Signed by

Anna Maria Bedford (Duchess of Bedford).
Olivia Cecilia Cowley (Countess Cowley).
Constance Grosvenor (Countess Grosvenor).
Harriet Sutherland (Duchess of Sutherland).
Elizabeth Argyll (Duchess of Argyll).
Elizabeth Fortescue (Countess Fortescue).
Emily Shaftesbury (Countess of Shaftesbury).
Mary Ruthven (Baroness Ruthven).
M. A. Milman (Wife of the Dean of St. Paul’s).
R. Buxton (Daughter of Sir Thomas Fowell Buxton).
Caroline Amelia Owen (Wife of Professor Owen).
Mrs. Charles Windham.
C. A. Hatherton (Baroness Hatherton).
Elizabeth Ducie (Countess Dowager of Ducie).
Cecilia Parke (Wife of Baron Parke).
Mary Ann Challis (Wife of the Lord Mayor of London).
E. Gordon (Duchess Dowager of Gordon).
Anna M. L. Melville (Daughter of Earl Leven and Melville).
Georgiana Ebrington (Lady Ebrington).
A. Hill (Viscountess Hill).
Mrs. Gobat (Wife of Bishop Gobat of Jerusalem).
E. Palmerston (Viscountess Palmerston).
and others.

A REPLY, Etc.

Sisters,

More than eight years ago, you sent to us in America a document with the above heading. It is as follows:—

“A common origin, a common faith, and, we sincerely believe, a common cause, urge us, at the present moment, to address you on the subject of that system of Negro Slavery which still prevails so extensively, and, even under kindly disposed masters, with such frightful results, in many of the vast regions of the Western world.

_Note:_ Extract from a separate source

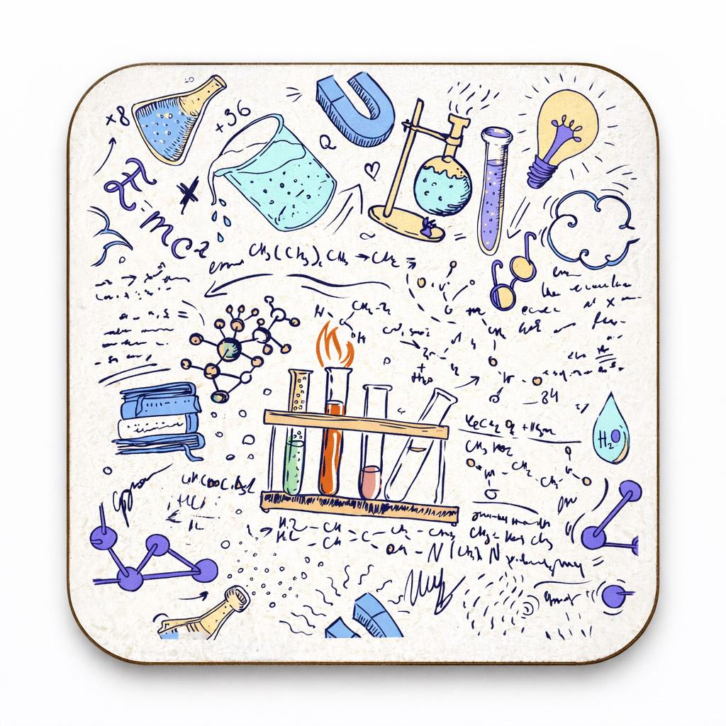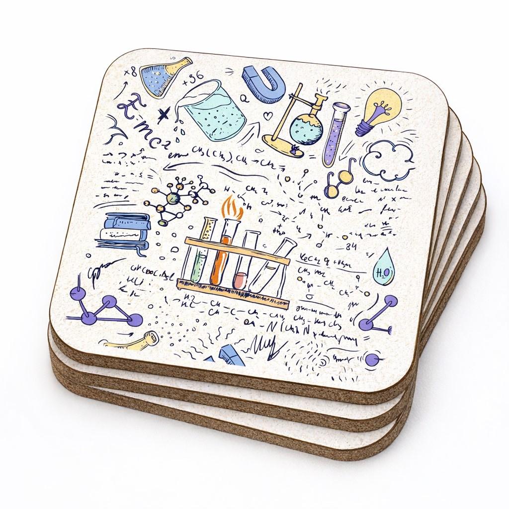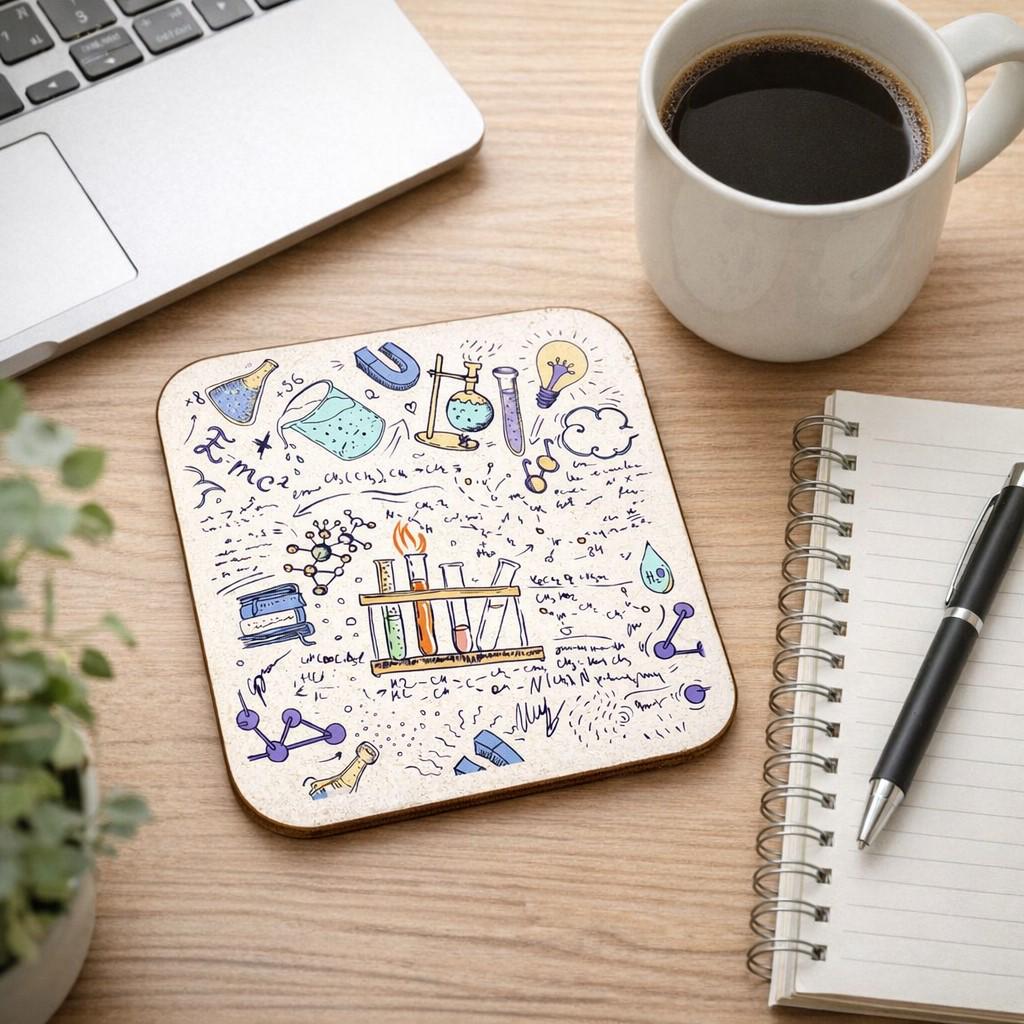 Bring a touch of scientific curiosity to your home or office with these charming chemistry lab cork-backed coasters from Half a Donkey. Sold as a set of 6, each square coaster measures 9.5 x 9.5 centimetres and features a vibrant, hand-drawn style illustration packed with laboratory imagery — think beakers, test tubes, molecular structures, Bunsen burners, and scribbled equations including the iconic E=mc². The colourful artwork spans a delightful palette of blue, teal, gold, green, yellow, and purple, making these coasters a wonderful conversation starter. The cork backing provides a sturdy, non-slip base that protects your surfaces from heat and moisture, while the printed top surface is easy to maintain — simply wipe clean with a damp cloth. Not dishwasher safe. These coasters make a brilliant gift for science enthusiasts, students, teachers, or anyone who appreciates quirky, intelligent design. Made in the UK with care and attention to detail, they are equally at home on a desk beside a laptop or on a coffee table in the living room.

“We will not dwell on the ordinary topics,—on the progress of civilization, on the advance of freedom everywhere, on the rights and requirements of the nineteenth century; but we appeal to you very seriously to reflect and to ask counsel of God how far such a state of things is in accordance with His Holy Word, the inalienable rights of immortal souls, and the pure and merciful spirit of the Christian religion. We do not shut our eyes to the difficulties, nay, the dangers, that might beset the immediate abolition of that long-established system. We see and admit the necessity of preparation for so great an event; but, in speaking of indispensable preliminaries, we cannot be silent on those laws of your country which, in direct contravention of God’s own law, ‘instituted in the time of man’s innocency,’ deny in effect to the Slave the sanctity of marriage, with all its joys, rights, and obligations; which separate, at the will of the master, the wife from the husband and the children from the parents. Nor can we be silent on that awful system which either by statute or by custom interdicts to any race of man or any portion of the human family education in the truths of the Gospel and the ordinances of Christianity. A remedy applied to these two evils alone would commence the amelioration of their sad condition. We appeal to you, then, as sisters, as wives, and as mothers, to raise your voices to your fellow-citizens, and your prayers to God, for the removal of this affliction and disgrace from the Christian world.

“We do not say these things in a spirit of self-complacency, as though our nation were free from the guilt it perceives in others.